Чуть блуканули – мы ломанулись вниз прямо по склону, а склонов, разных отрогов там много – среди колонных осин, дыша их запахом, горечью желтых уже опадающих листьев. Где-то с поляны мелькнула деревня, как будто спавшая в тихой долине. Чуть-чуть устали и вышли не там, на двести метров пришлось возвращаться. Еще спускаясь с последней поляны, я как-то выделил дом – и самый дальний, и самый высокий, и показал – «Дом художника. Видишь?». Деревня встретила полным улетом смотрящих на небо домов и черной грязью ее дорог-улиц – мы шли по тропке вдоль них, но все равно влажно-скользко. И никого, и собаки не лают. Отцу понравился дом самый новый – не посеревший от времени, желтый, и мы зашли, и старушка его согласилась продать, но меня что-то тянуло в конец – что же за дом я увидел с горы, еле отца упросил пойти глянуть. Вокруг стояла сухая крапива, окна забиты, но и вблизи меня все поразило – и дом, и место как будто подняты чьей-то ладонью – даже покой всей деревни и леса здесь показались мне вдруг напряжением – было настолько комфортно, что я почувствовал даже поток – воздух стремился вверх в антициклоне и поднимал с собой также меня, только потом я узнал, что здесь всегда это чувство. Прямо за домом лежала долинка, где раньше был большой пруд, за ней параболой горка – дом находился почти в самом фокусе этой горы, словно бы зеркала или антенны. Отец меня торопил, но я не мог отойти и упросил его хоть обойти вокруг дома. После огромных ворот стоял дощатый заборчик. Но по сравнению с любой архитектурой этот угол забора в деревне для меня вдруг показался не хуже – я мог стоять, отдыхая, дышать и быть никем, и не думать. Пройдя крапиву, я встал перед ним и окончательно замер – не было в жизни моей никогда ни такой тишины, ни чистоты и прозрачности воздуха всюду, ни красных ягод калины за забором. А за участком копали картошку, я покричал, и мужик подошел – «Да» – говорит – «Этот дом продается». Потом долины и горы, серо-свинцовая река меж скал – мы шли и шли, но грибов так и не брали, даже когда на огромной поляне присели поесть у бревна— вот уж действительно, «коси косой», на нем стояли опята. Голубоватое небо конца сентября, тепло – наверное, градусов двадцать.
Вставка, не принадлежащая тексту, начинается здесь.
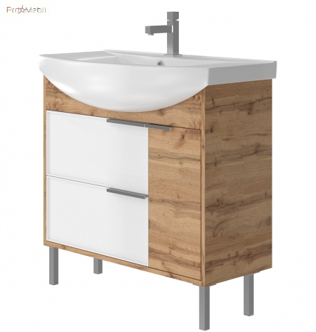 Описание Тумба для ванной с умывальником Sf-85 дуб вотан Sofia Ювента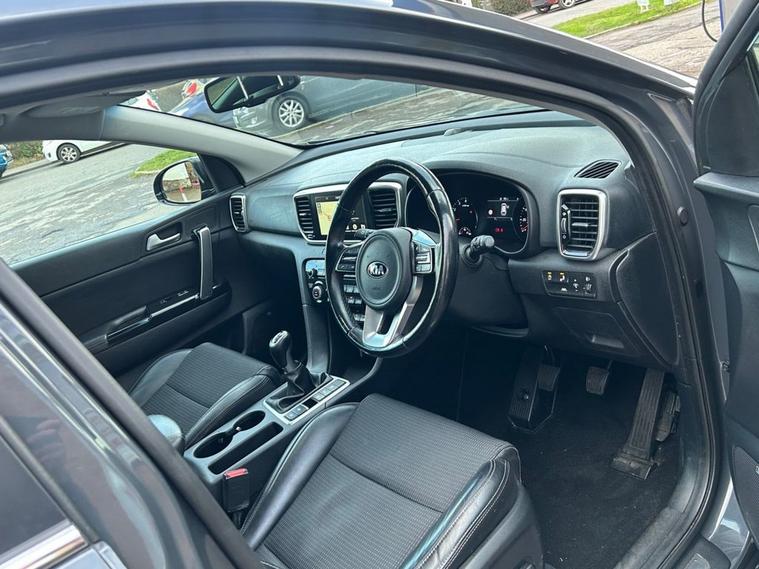 Lovely 2018 68 Kia Sportage 1.6 GDI Edition 5 Door in Dark Penta Metal - Specification includes Half Leather, SAT NAV with DAB Radio, Bluetooth, Apple Car Play and Android Auto, 360 Reverse Camera with Rear Parking Sensors, Electric Folding Door Mirrors, LED Daytime Running Lights, Trip Computer, Cruise Control/Speed Limiter, Electric Windows x 4, Automatic Dual Zone Climate Control with Air Conditioning, Heated Seats and Steering wheel, Electric Seat Adjust, Remote Central Locking with 2 Keys - SERVICE HISTORY - MOT DECEMBER 2026 - Just been serviced -

Потом отец откололся от этой затеи – мать не хотела брать дачу-обузу, в мае я сам и купил этот дом, ставший моим домом души. Я много лет приезжаю на отпуск сюда, чаще, конечно, в июле.

…Говорить не для чего, не говорят ведь деревья. А если кто-то придет, заговоришь – потом приходится почти болеть из-за ненужных эмоций, не попадающих в ритм, в настроение. В дождь чаще смотришь на линию гор, вверх – в остальную погоду. И светло-рыжие линии сосен, перечеркнувшие зелень, чтобы сшить небо с одеждой деревьев или с горящей от света поляной. Изредка облачко из-за хребта – кажется, что там ледник на вершине. Если нет влажности, то в тени в тридцать не жарко.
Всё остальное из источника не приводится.